If you have your bed set where you know the Z Endstop will hit before the nozzle hits the bed (or glass) you can skip to the next section, otherwise you should adjust the thumbscrews (or wing nuts) until the springs are all the way compressed. That way we know the nozzle will not crash into the bed.

Adjusting the Z-Axis Home Position

Either though the LCD or the Host software Home all the axis. After the Z axis homes the nozzle should be above the bed (glass plate or aluminum bed). If the nozzle is too high and there does not look like there will be enough adjustment in the springs and you are using the adjustable Z Endstop then you will need to adjust the endstop screw so that the screw will be shorter (screw it clockwise).

Tolerances

In addition to being level the distance between the hotend and the bed is important. If you are using a strongly flat bed, such as glass, you should be able to achieve a gap of 0.2 mm. For less flat surfaces your gap will need to be larger. A common method of setting the tolerance is to place a piece of paper onto the bed, so that you can still move the piece of paper, but there is a slight drag. As you go around the bed, adjusting the level, you should use a piece of paper to check the tolerance. This will get you close but it is also recommend to print your object with 3 or more skirts on the first layer and watch as it is being printed then make any fine adjustments to get the lines to be flat (without being too flat).

Leveling Diagonal 1

Disable the Stepper motors in the LCD menu or though the Host software so you can move the extruder and plate by hand.
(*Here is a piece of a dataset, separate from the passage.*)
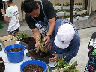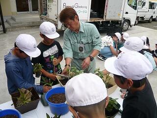 5月29日(水)の2時間目から3時間目にかけて、今年度の5年生・6年生の「もの作り教室」がありました。今年度は、「室内園芸技能士」の方4名に指導いただいて作品作りをしました。植物、流木、砂利、松ぼっくりの配置を自分なりに決めて、鉢の中に自分らしい庭を作っていきました。素材の選び方、置き方によって、こんなに違うのかと驚くくらいに、それぞれが個性あふれる作品を作り上げました。技能士の方は、短時間で室内に大型の庭園を造りあげるそうです。技能士の方々の技にふれることができた2時間でした。

The leveling order is Front-Left, Back-Right, Back-Left, Front-Right. We refer to the first pair as Diagonal 1. With the Z-Axis homed, and positioned over the Front-Left corner of the print bed, use the tension nut to adjust the height of the print bed. Using the piece of paper between the bed and the nozzle adjust the height until the nozzle touches the paper but you can still pull the paper out with a little bit of drag. Re-home the Z-Axis and checking that the paper still drags. Adjust the nut as needed until you can achieve drag without movement of the print bed.
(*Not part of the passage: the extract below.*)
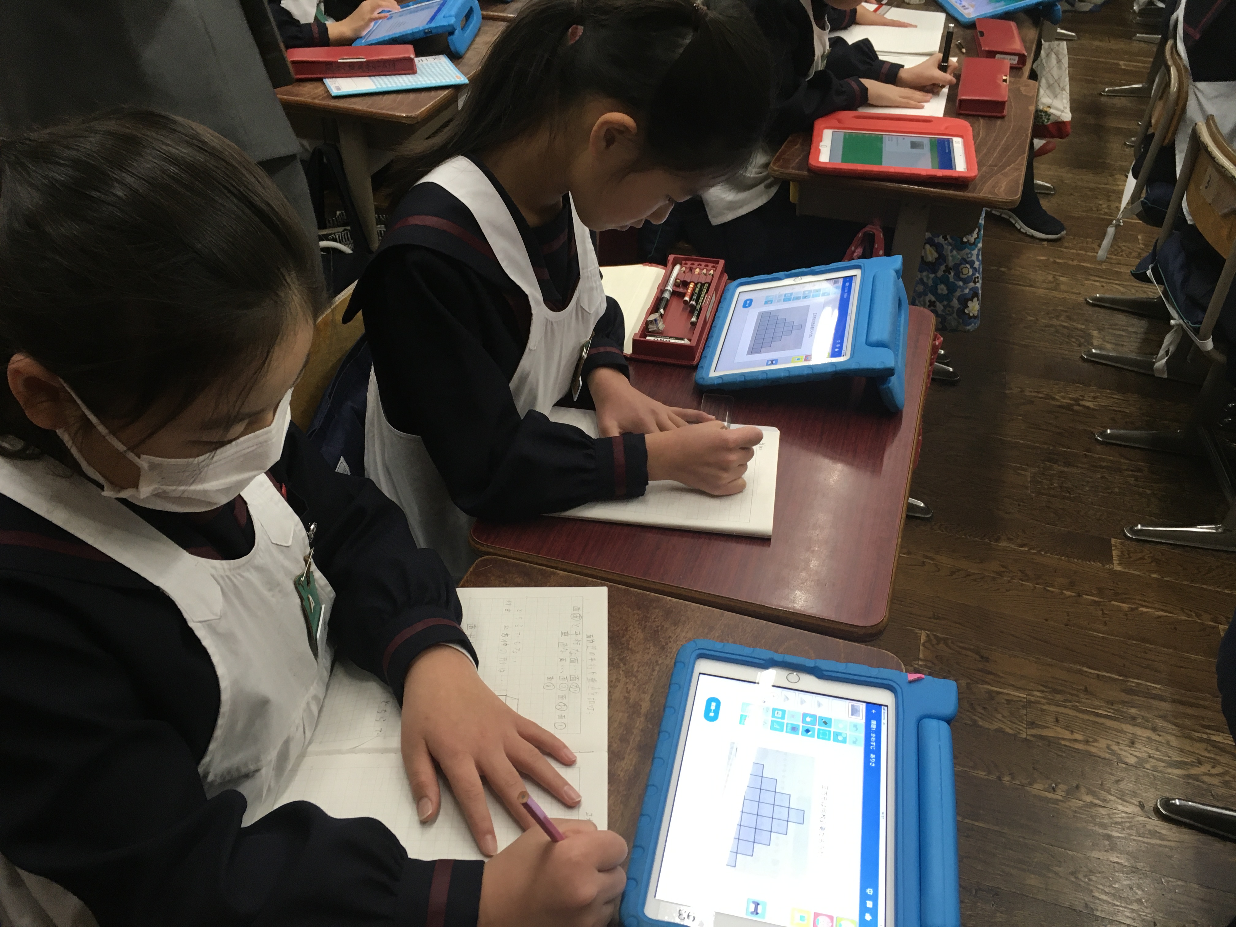 4年生の算数では、タブレットを使い、問題解決型の授業を行ないました。

Once you have set the front-left corner, repeat the process with the opposite diagonal corner in the back-right. Return to the front-left corner and verify that nothing has changed. On or two repetitions may be required.

Leveling Diagonal 2

The second diagonal is leveled in the same manner as the first, but starting in the back-left corner, and ending with the front-right. It may be that after completing the procedure to this point, you find that Diagonal 1 is no longer set. It will most likely be a small adjustment, and a second repetition of the leveling process will correct this in most cases.